■ **Problem details**: Reproduce, from the lines below, exactly the stretch that begins at the line containing "Блесна зимняя Akara" and ends at the line containing "Сапожок для подарков.", both included.

■ **Data for this task**:
[Start of Attachment]
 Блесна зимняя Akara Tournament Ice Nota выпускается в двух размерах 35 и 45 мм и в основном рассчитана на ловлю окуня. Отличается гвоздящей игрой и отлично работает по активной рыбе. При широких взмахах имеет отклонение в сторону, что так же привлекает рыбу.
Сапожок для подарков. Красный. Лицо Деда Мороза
[End of Attachment]
[Start of Attachment]
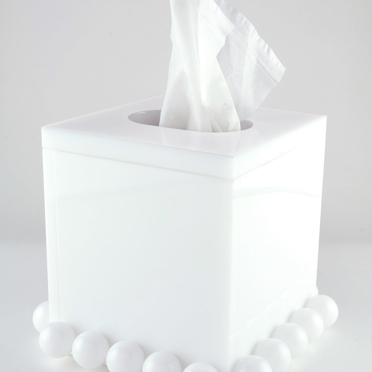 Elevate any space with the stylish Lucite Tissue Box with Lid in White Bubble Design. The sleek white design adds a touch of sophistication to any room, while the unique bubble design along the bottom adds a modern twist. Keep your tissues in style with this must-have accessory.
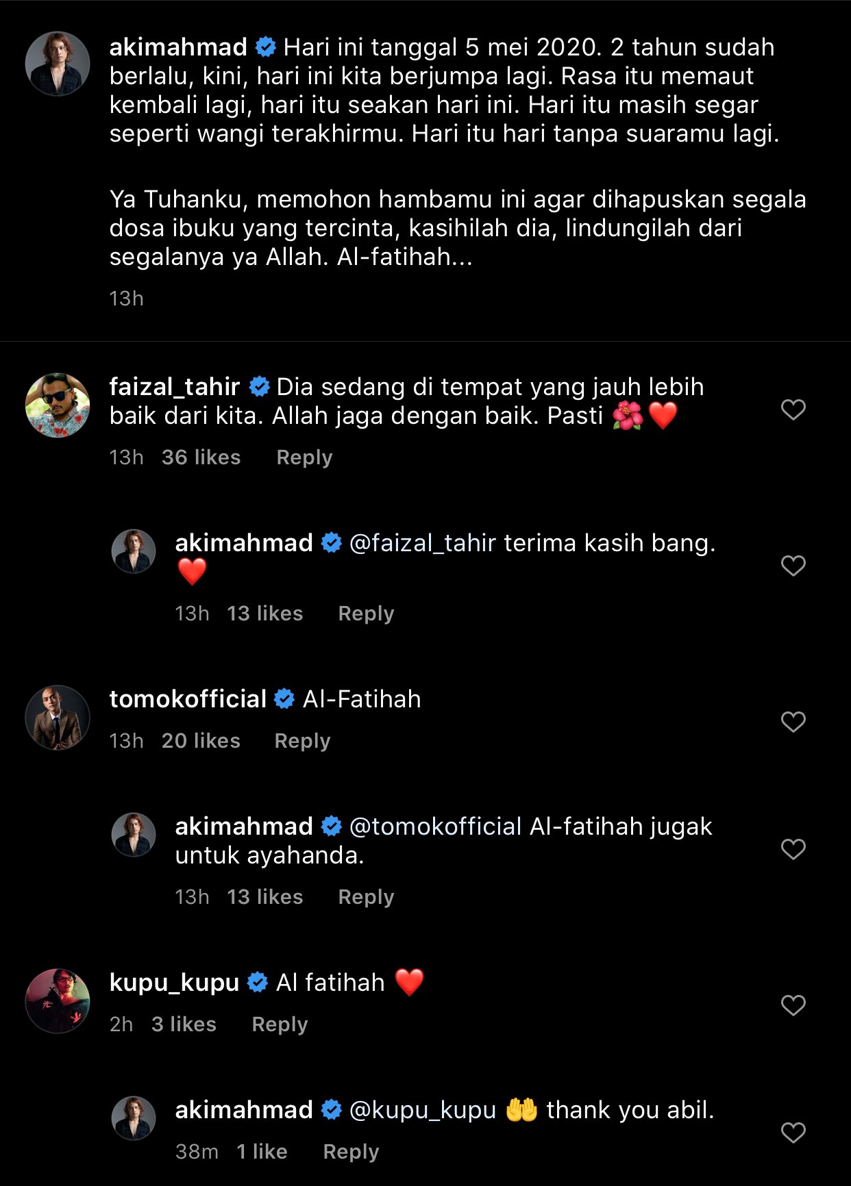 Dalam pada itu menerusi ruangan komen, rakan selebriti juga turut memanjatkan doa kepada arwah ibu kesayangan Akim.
[End of Attachment]
[Start of Attachment]
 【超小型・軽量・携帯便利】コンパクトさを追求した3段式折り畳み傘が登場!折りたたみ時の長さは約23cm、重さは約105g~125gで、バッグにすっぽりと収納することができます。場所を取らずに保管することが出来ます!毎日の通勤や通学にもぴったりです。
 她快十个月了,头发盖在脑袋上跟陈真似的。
[End of Attachment]
■ **Reply**:
 Блесна зимняя Akara Tournament Ice Nota выпускается в двух размерах 35 и 45 мм и в основном рассчитана на ловлю окуня. Отличается гвоздящей игрой и отлично работает по активной рыбе. При широких взмахах имеет отклонение в сторону, что так же привлекает рыбу.
Сапожок для подарков. Красный. Лицо Деда Мороза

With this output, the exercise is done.